So what Im saying, is that I had the same thing as you, but swapping out the HG's didnt fix it.
 

turbojimmy

Supporting Member
So what Im saying, is that I had the same thing as you, but swapping out the HG's didnt fix it.

It sounds like you had a frustrating time with your car. I'm thinking the head gasket will fix this one, however. It's a fairly fresh rebuild with a new GT turbo and the stock oil cooler in place. You can see the smear mark on the head where the compression was exiting. If this is not the problem then it has to be a big part of it. The car has always acted lean but we couldn't find the source of the unmetered air until now.

Jim
 

darkred87T

Active Member
It may or may not be my idle problem but there's no point in continuing to bang my head against the wall until I get this straightened out.

The right bank looked great. It had the same compression on 2, 4 and 6 and the same amount of leak down. The left bank was all over the place. I didn't even have to look close at the needle on the compression guage to see that it was lower on 3 and 5. None of the cylinders were as low as 60PSI however the head gasket wasn't completely blown out either.
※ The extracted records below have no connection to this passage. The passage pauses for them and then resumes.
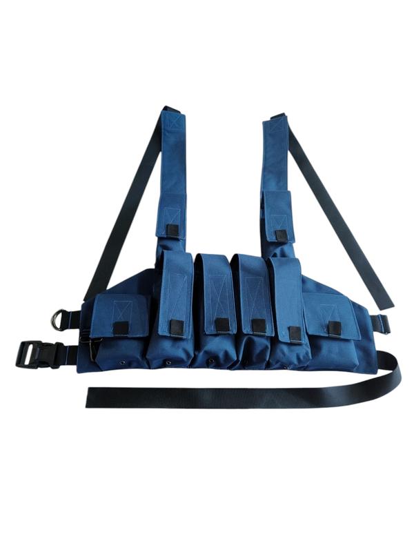 Розвантажувальна система нагрудна закритого типу А для магазинів серії «АК», «РПК», «HK416» місткістю 45-60 набоїв. Система має вісім відділень: 4 відділення для магазинів, 2 відділення для виробів серії «Ф1/РГД-5», «М67/М67-П», два відділення на плечових для рації та турнікету. Відділення закриваються окремими клапанами з велкро. Комплектується карабіном. Розмір універсальний, регулюється стропами. У кожному відділені є отвір для відведення вологи. Колір: Вид 4 Blue Angels синій. Матеріал: Оксфорд 600D PVC WR, водовідштовхуючий.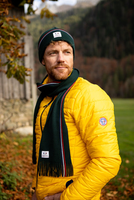 Notre bonnet vert forêt profond avec un fin liseré tricolore. Et parce qu’on ne change pas une équipe qui gagne, Le Givré vert forêt est toujours en 100% laine mérinos ultra-douce. Distinguez vous avec son liseré tricolore sur le revers.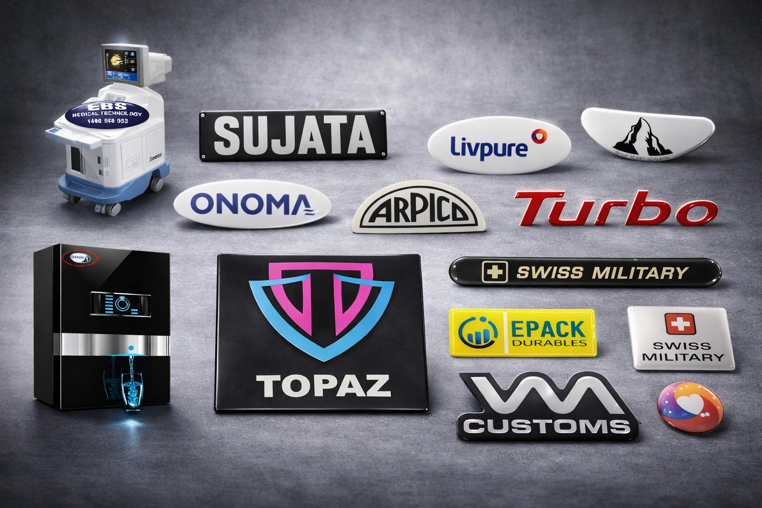 3D dome logos with glossy finish and strong visual appeal.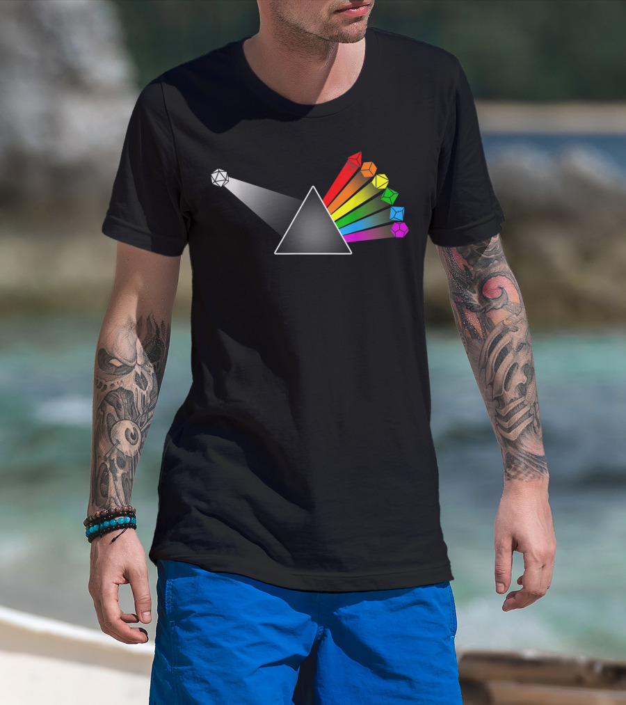 Diceside Of The Moon D20 Dice Set Tabletop Prism Design Multicolor Spectrum T-Shirt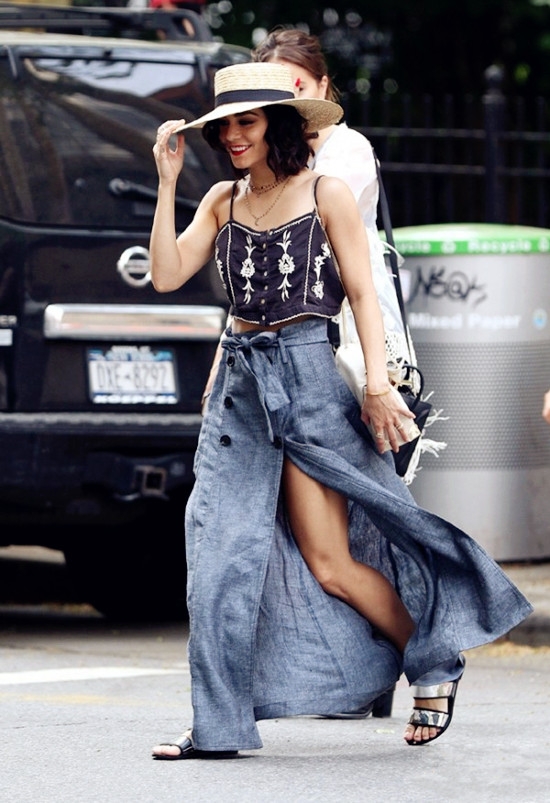 搭配看点:名族风气息的吊带上衣搭配斜开叉复古牛仔半身裙,简约清爽又不乏时尚气质。戴上优雅的宽檐帽,变身气质名媛。矮个子女生可以大胆尝试哦,最重要的就是一定要选择高腰款式,同时上装选择简单清爽的吊带上衣或其他短上衣就好,配饰上选择一款mini链条包,一顶宽檐帽或一款精致的项链就更加起范儿了。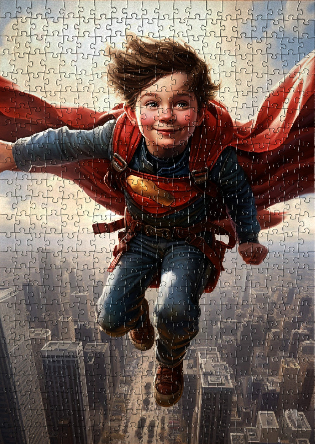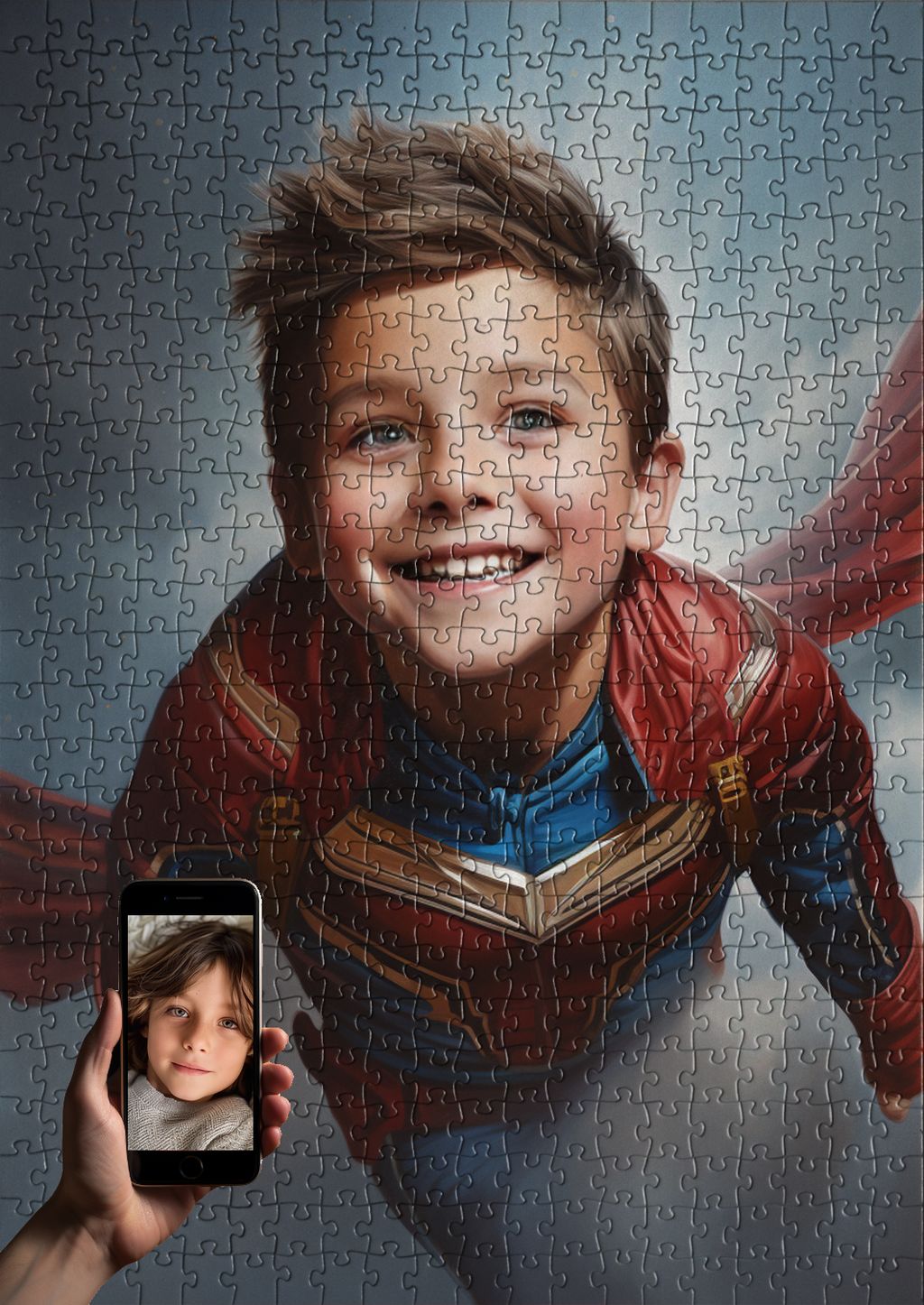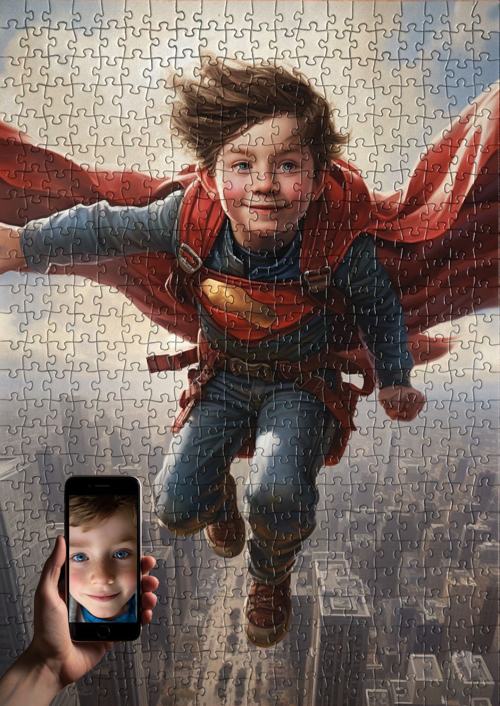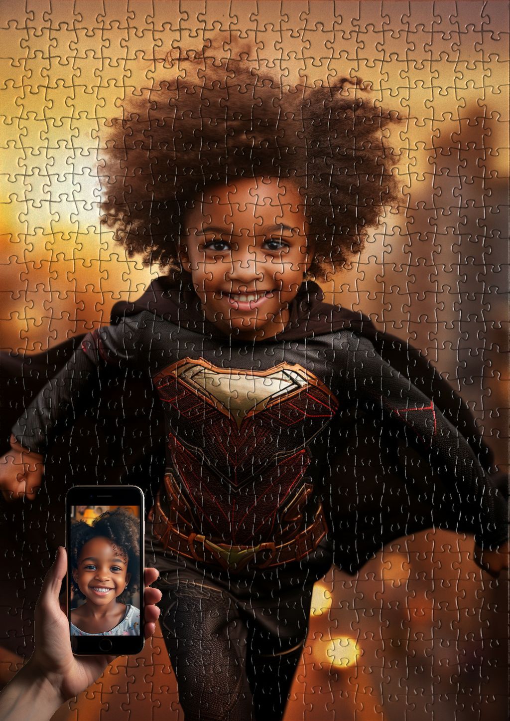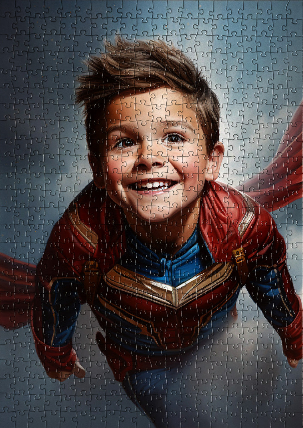 Turn your child into the hero of their own story with our personalised puzzle! Thanks to the work of our digital artists, your child’s face will be seamlessly integrated into the design of the kid superhero personalised puzzle with a heroic adventure, making their adventure feel more real than ev...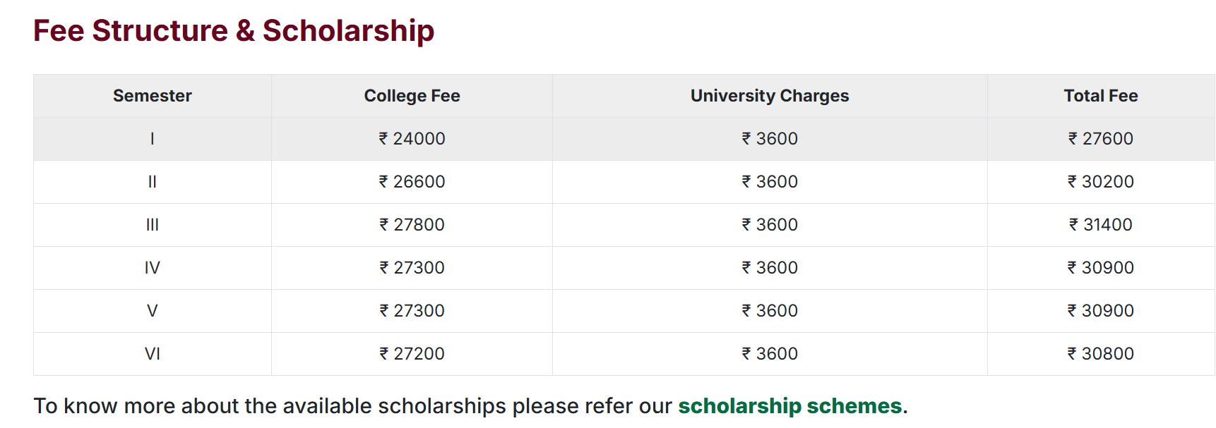 | Semester Wise Fees | 27600 | 30200 | 31400 | 30900 | 30900 | 30800 |

You can see in the picture where it was drafting air.

I'm going to do another compression and leak down test when I get the head back on it.

Thanks for the replies. Keep them comming.
 

Saladin45

There is a darkside
Please keep the information flowing guys.

I am having a similar problem on my 84.

The engine starts up fine and everything, but idles terribly and misses. I've got a high rpm when idling, and a few of the local Buick guys took a look and said that they thought it was the throttle body. I bought an o2 sensor and am about to slap it in within the next few days to see what happens.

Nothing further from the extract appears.